• [Exercise data]:
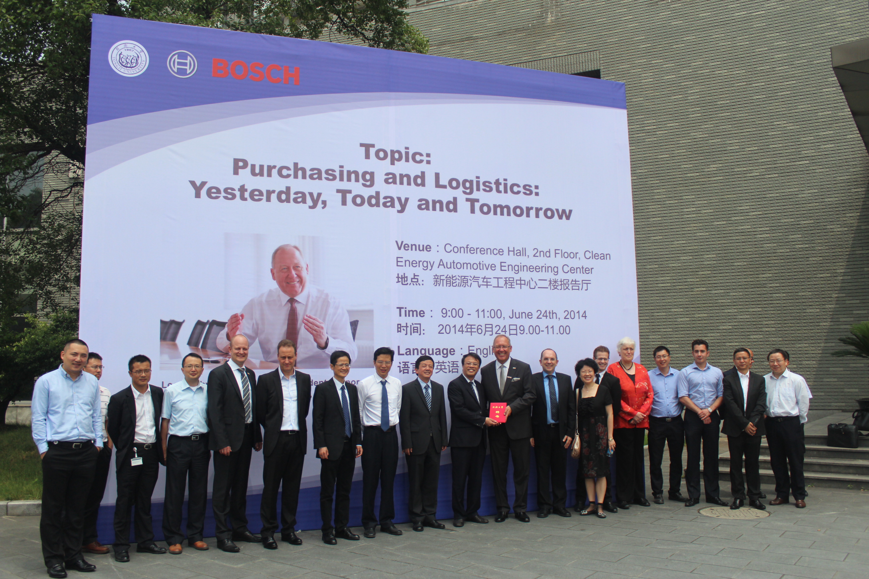 教授在新能源汽车工程中心大楼门前进行合影,为此次博世公司同济校园行画下了圆满的句号。
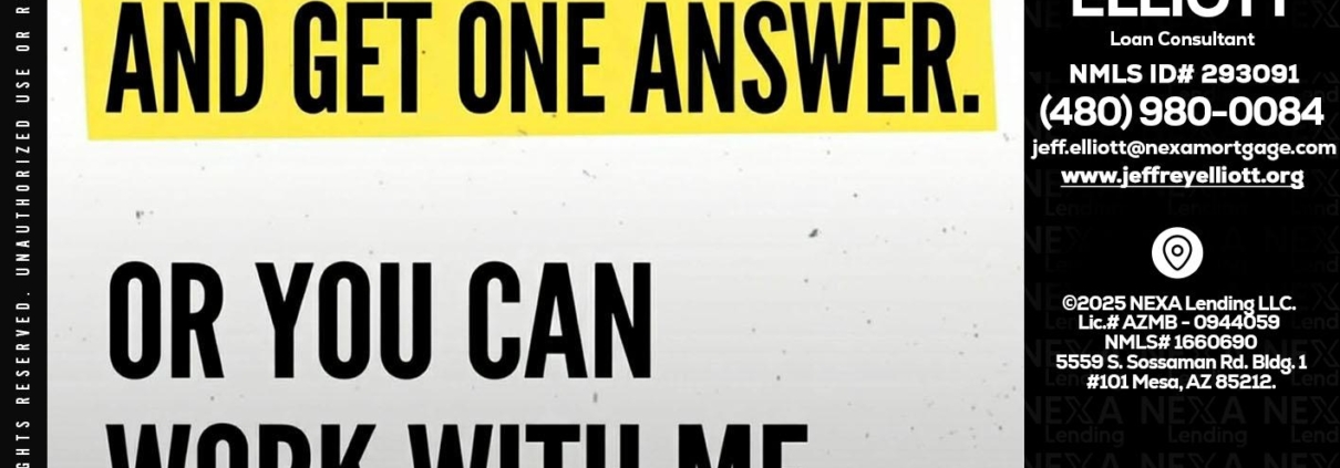 Hi, my name is Jeffrey L. Elliott. I’m a Loan Officer with NEXA Lending LLC., offering personalized mortgage solutions, fast customized quotes, great rates and service with integrity.
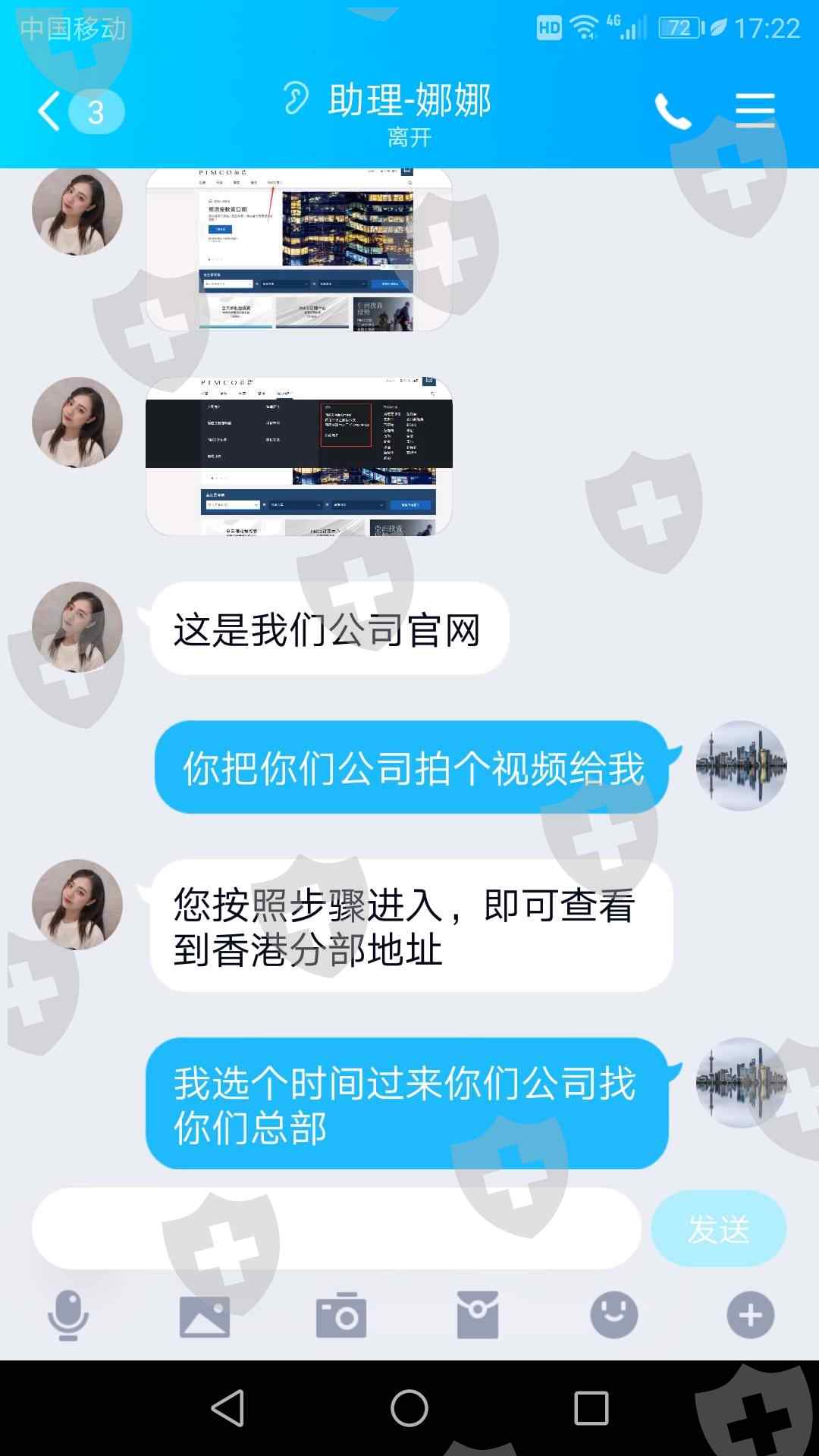本人10月份左右接到一个电话,说是香港品浩投资管理(亚洲)公司PlMCO准备组建个QQ群,在直播间讲解股票知识,推荐牛股等等。刚开始讲解中国A股股票知识推荐牛股,过了段时间说A股不好做挣不到钱,分析师带我去另外一个平台挣钱,就是GOKEX EX平台,刚刚开始抱着试试的心态入了2万。每次操作分析师陈启明都在QQ群里发点位让我们买入,刚开始自己的资金也不大也挣了点小钱,每次盈利要分3成利润给品浩投资公司,助理娜娜发一个中国的账号让我们把分成转到这个账号。后来助理娜娜和群里的人都说要挣大钱让我们多入金,前前后后我一共入金了60万人民币,11月3日那天分析师在群里让我们买入,结果这天爆仓了亏损人民币70万(美金10万),后来才听说此带单操作是骗局,GOKEX EX平台也是虚拟交易平台。香港品浩投资管理公司PlMCO是正规公司并在香港证监会注册,本人打电话到他公司把受骗经过和他们讲了要求赔偿,现在他们根本不接我电话了。
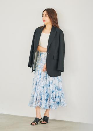 シアーなスカート合わせで、軽さのある春らしい雰囲気で着用いただけます。
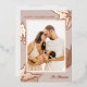 Celebre la temporada con esta moderna y elegante tarjeta de felicitación navideña con bello marco de follaje dibujado a mano y una tipografía de escritura clásica y elegante en Relieve metalizado de oro rosa. El diseño es totalmente personalizable: puede cambiar el color de fondo, el color del texto, incluso el color del Relieve metalizado. Elija esta plantilla y cree su tarjeta de vacaciones de Relieve metalizado real única para amigos y familia!
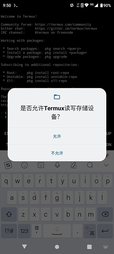 在 Termux中输入命令 termux-setup-storage回车以获取储存权限(注:长按后按 Paste粘贴),如下图,点允许即可。
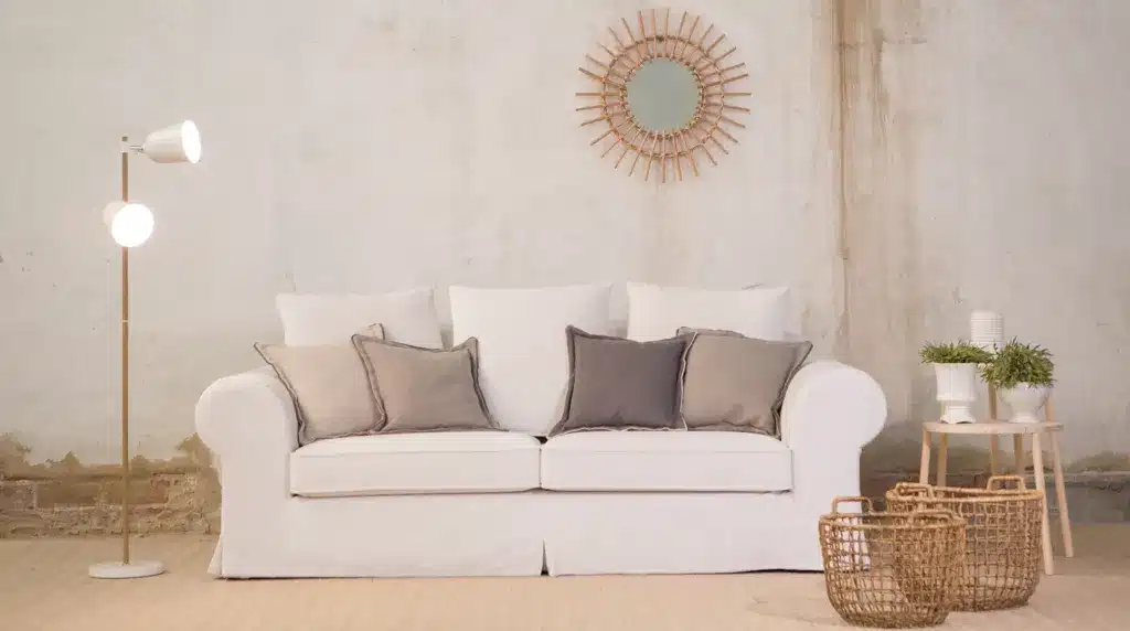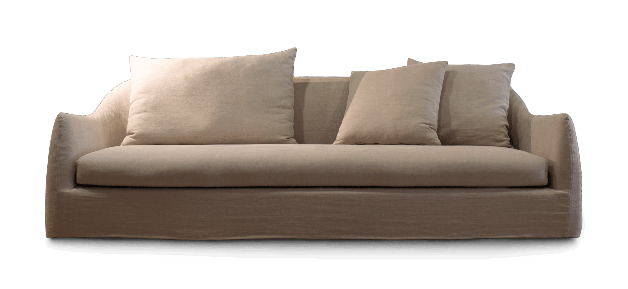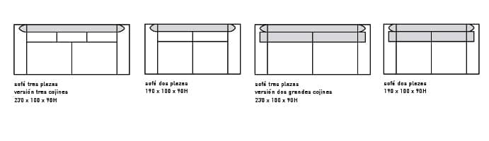 Almohadones de respaldo rellenos: versión tres cojines respaldo, en pluma de oca esterilizada; y versión dos cojines respaldo, en fibra hueca 100% pol. siliconada
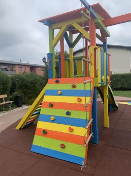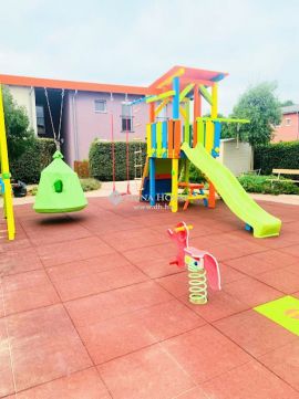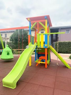 A lakópark közepén egy közösségi tér található, ahol egy felújított, gyönyörű, színes játszótér szolgálja a gyerekek szórakozását.

• [Your task]:
Word for word, restate all of the entries above and leave each picture out.

• [Solution for this exercise]:
 教授在新能源汽车工程中心大楼门前进行合影,为此次博世公司同济校园行画下了圆满的句号。
 Hi, my name is Jeffrey L. Elliott. I’m a Loan Officer with NEXA Lending LLC., offering personalized mortgage solutions, fast customized quotes, great rates and service with integrity.
本人10月份左右接到一个电话,说是香港品浩投资管理(亚洲)公司PlMCO准备组建个QQ群,在直播间讲解股票知识,推荐牛股等等。刚开始讲解中国A股股票知识推荐牛股,过了段时间说A股不好做挣不到钱,分析师带我去另外一个平台挣钱,就是GOKEX EX平台,刚刚开始抱着试试的心态入了2万。每次操作分析师陈启明都在QQ群里发点位让我们买入,刚开始自己的资金也不大也挣了点小钱,每次盈利要分3成利润给品浩投资公司,助理娜娜发一个中国的账号让我们把分成转到这个账号。后来助理娜娜和群里的人都说要挣大钱让我们多入金,前前后后我一共入金了60万人民币,11月3日那天分析师在群里让我们买入,结果这天爆仓了亏损人民币70万(美金10万),后来才听说此带单操作是骗局,GOKEX EX平台也是虚拟交易平台。香港品浩投资管理公司PlMCO是正规公司并在香港证监会注册,本人打电话到他公司把受骗经过和他们讲了要求赔偿,现在他们根本不接我电话了。
 シアーなスカート合わせで、軽さのある春らしい雰囲気で着用いただけます。
 Celebre la temporada con esta moderna y elegante tarjeta de felicitación navideña con bello marco de follaje dibujado a mano y una tipografía de escritura clásica y elegante en Relieve metalizado de oro rosa. El diseño es totalmente personalizable: puede cambiar el color de fondo, el color del texto, incluso el color del Relieve metalizado. Elija esta plantilla y cree su tarjeta de vacaciones de Relieve metalizado real única para amigos y familia!
 在 Termux中输入命令 termux-setup-storage回车以获取储存权限(注:长按后按 Paste粘贴),如下图,点允许即可。
 Almohadones de respaldo rellenos: versión tres cojines respaldo, en pluma de oca esterilizada; y versión dos cojines respaldo, en fibra hueca 100% pol. siliconada
 A lakópark közepén egy közösségi tér található, ahol egy felújított, gyönyörű, színes játszótér szolgálja a gyerekek szórakozását.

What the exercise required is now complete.